Copy out every line of the material below, character for character, apart from the pictures.

◆ Raw data
====================
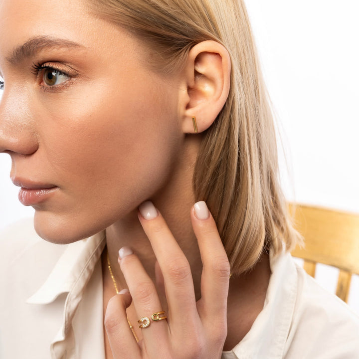 These Bar Stud Plain Earrings by Spero London are sleek yet timeless. Their clean silhouette is enhanced by sparkling cubic zirconia, creating a modern take on a classic stud. Perfect as an everyday staple or as part of a curated ear stack, they offer understated luxury and versatile elegance.
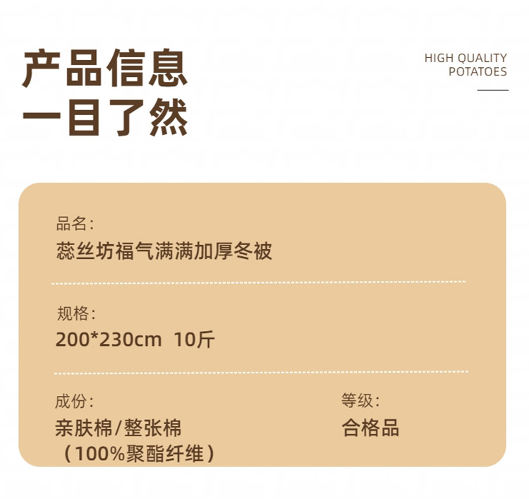 蕊絲坊家紡福氣滿滿加厚冬被200X230cm(10斤) 禮品已成功加入PPT!
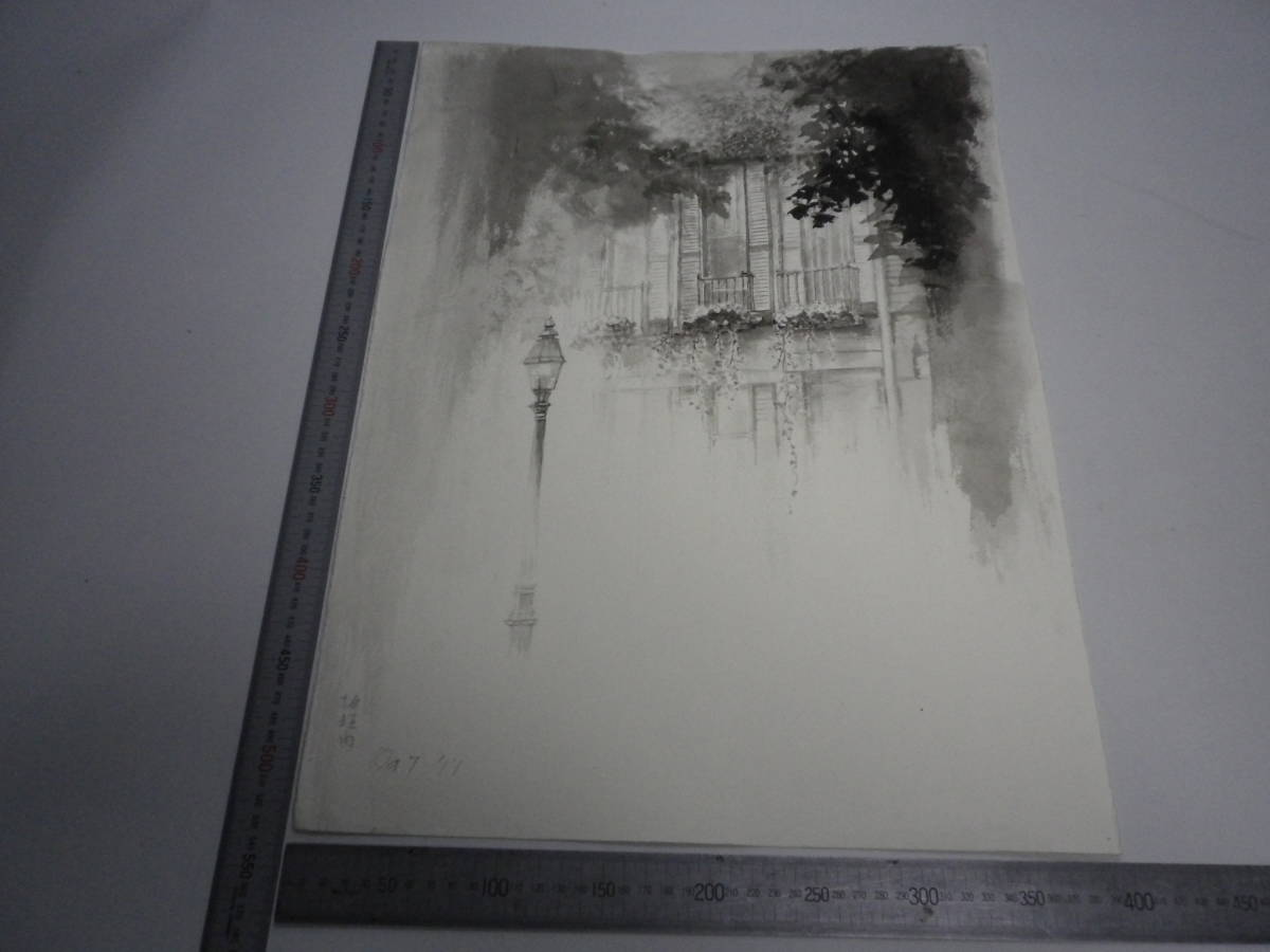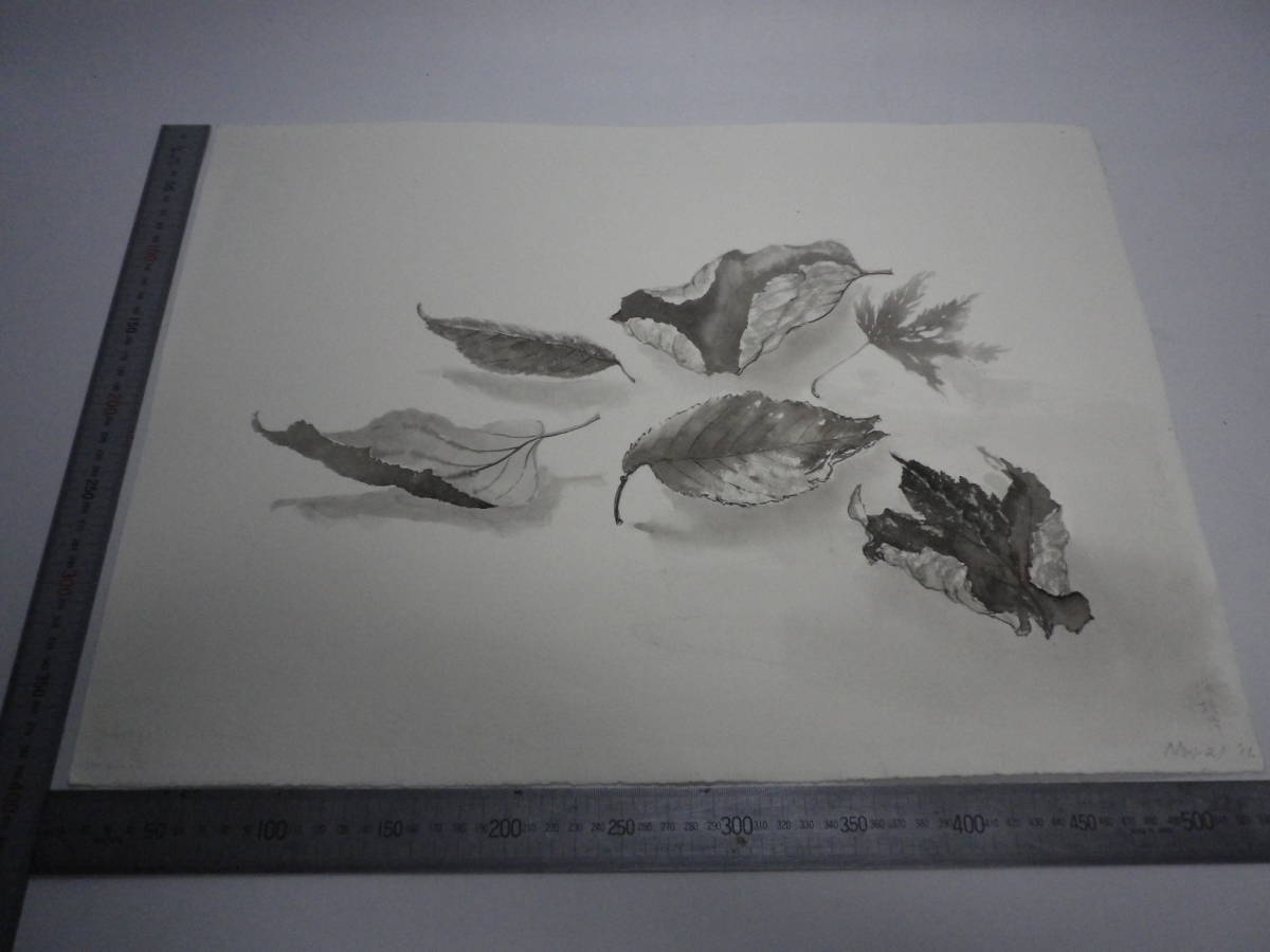 「イタリアの風景・喫茶店 2 ~ 木葉(裏表描画)」水墨画【坂垣内 将泰】作者直筆原画「真作」P10号ハーネミューレ紙(経年保管品)00700220
====================
◆ Finished exercise
 These Bar Stud Plain Earrings by Spero London are sleek yet timeless. Their clean silhouette is enhanced by sparkling cubic zirconia, creating a modern take on a classic stud. Perfect as an everyday staple or as part of a curated ear stack, they offer understated luxury and versatile elegance.
 蕊絲坊家紡福氣滿滿加厚冬被200X230cm(10斤) 禮品已成功加入PPT!
 「イタリアの風景・喫茶店 2 ~ 木葉(裏表描画)」水墨画【坂垣内 将泰】作者直筆原画「真作」P10号ハーネミューレ紙(経年保管品)00700220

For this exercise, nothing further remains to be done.